Using the listing below, copy exactly each line from the one that has "- Products Included" through the one that has "اللہ کے راستے"; omit the pictures.

#### [Records shown]
━━━━━━━━━━

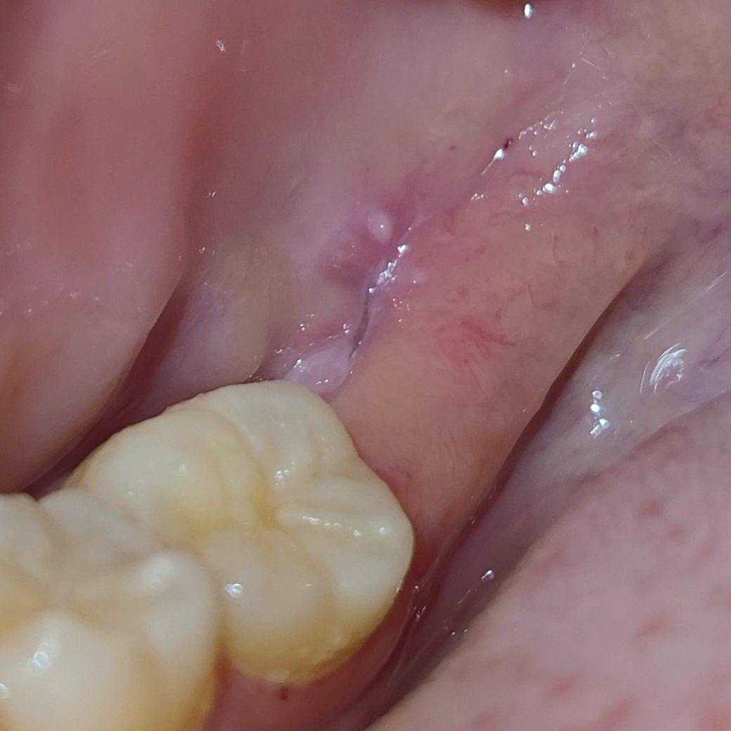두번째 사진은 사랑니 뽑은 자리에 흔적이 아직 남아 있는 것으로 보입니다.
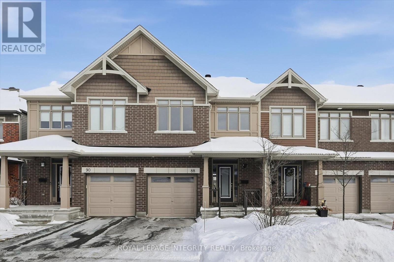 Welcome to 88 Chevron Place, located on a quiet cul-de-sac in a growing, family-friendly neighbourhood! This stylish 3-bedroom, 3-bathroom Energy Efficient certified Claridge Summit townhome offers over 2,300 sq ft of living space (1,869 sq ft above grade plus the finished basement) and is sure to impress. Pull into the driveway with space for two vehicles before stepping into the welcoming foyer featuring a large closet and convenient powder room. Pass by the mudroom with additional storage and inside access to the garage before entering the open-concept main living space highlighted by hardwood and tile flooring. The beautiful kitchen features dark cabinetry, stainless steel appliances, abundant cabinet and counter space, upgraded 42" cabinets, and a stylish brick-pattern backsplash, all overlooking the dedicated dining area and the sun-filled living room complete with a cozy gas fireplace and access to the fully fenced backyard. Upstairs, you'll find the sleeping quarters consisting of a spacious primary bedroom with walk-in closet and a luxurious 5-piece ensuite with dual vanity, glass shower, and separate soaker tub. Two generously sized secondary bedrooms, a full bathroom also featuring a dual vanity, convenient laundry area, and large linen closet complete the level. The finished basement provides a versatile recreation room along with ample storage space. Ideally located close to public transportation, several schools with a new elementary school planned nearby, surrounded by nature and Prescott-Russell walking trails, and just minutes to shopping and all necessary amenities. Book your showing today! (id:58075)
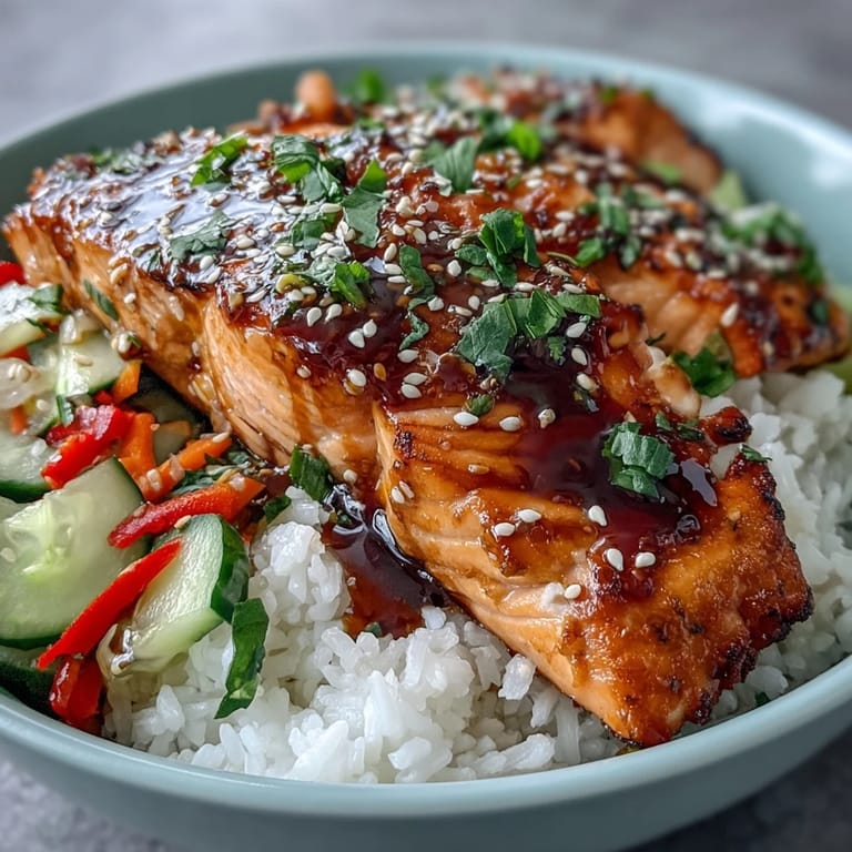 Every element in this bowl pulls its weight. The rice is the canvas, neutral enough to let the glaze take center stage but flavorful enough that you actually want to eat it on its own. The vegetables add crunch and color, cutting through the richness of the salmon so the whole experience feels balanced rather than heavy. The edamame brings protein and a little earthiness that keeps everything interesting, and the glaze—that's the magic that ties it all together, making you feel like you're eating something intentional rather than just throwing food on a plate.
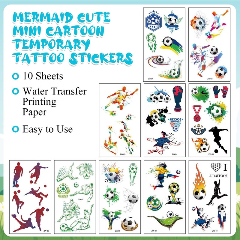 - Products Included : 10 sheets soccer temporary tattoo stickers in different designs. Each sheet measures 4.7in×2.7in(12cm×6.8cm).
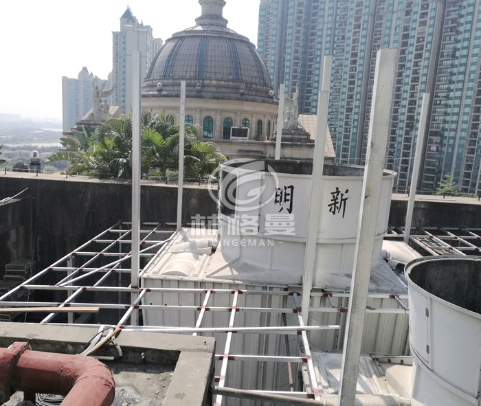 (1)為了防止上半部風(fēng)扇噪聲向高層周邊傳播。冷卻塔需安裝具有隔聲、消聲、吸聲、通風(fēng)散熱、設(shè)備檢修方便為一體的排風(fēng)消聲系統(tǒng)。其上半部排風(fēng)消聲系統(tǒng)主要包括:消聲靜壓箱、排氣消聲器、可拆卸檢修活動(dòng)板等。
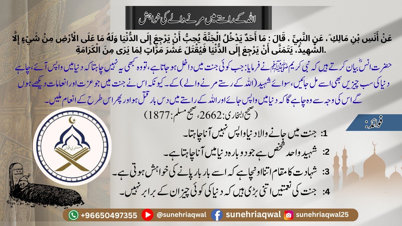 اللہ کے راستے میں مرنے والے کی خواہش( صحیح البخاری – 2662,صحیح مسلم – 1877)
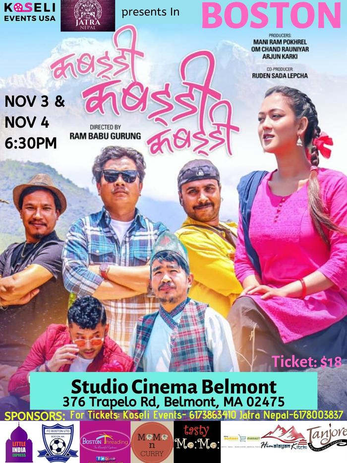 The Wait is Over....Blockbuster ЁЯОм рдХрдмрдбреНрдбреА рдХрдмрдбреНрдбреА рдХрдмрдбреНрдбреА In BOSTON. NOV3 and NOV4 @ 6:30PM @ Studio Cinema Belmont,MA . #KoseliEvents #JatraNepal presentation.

━━━━━━━━━━

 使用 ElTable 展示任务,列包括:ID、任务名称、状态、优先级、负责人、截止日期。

━━━━━━━━━━

#### [Solved exercise]
 - Products Included : 10 sheets soccer temporary tattoo stickers in different designs. Each sheet measures 4.7in×2.7in(12cm×6.8cm).
 (1)為了防止上半部風(fēng)扇噪聲向高層周邊傳播。冷卻塔需安裝具有隔聲、消聲、吸聲、通風(fēng)散熱、設(shè)備檢修方便為一體的排風(fēng)消聲系統(tǒng)。其上半部排風(fēng)消聲系統(tǒng)主要包括:消聲靜壓箱、排氣消聲器、可拆卸檢修活動(dòng)板等。
 اللہ کے راستے میں مرنے والے کی خواہش( صحیح البخاری – 2662,صحیح مسلم – 1877)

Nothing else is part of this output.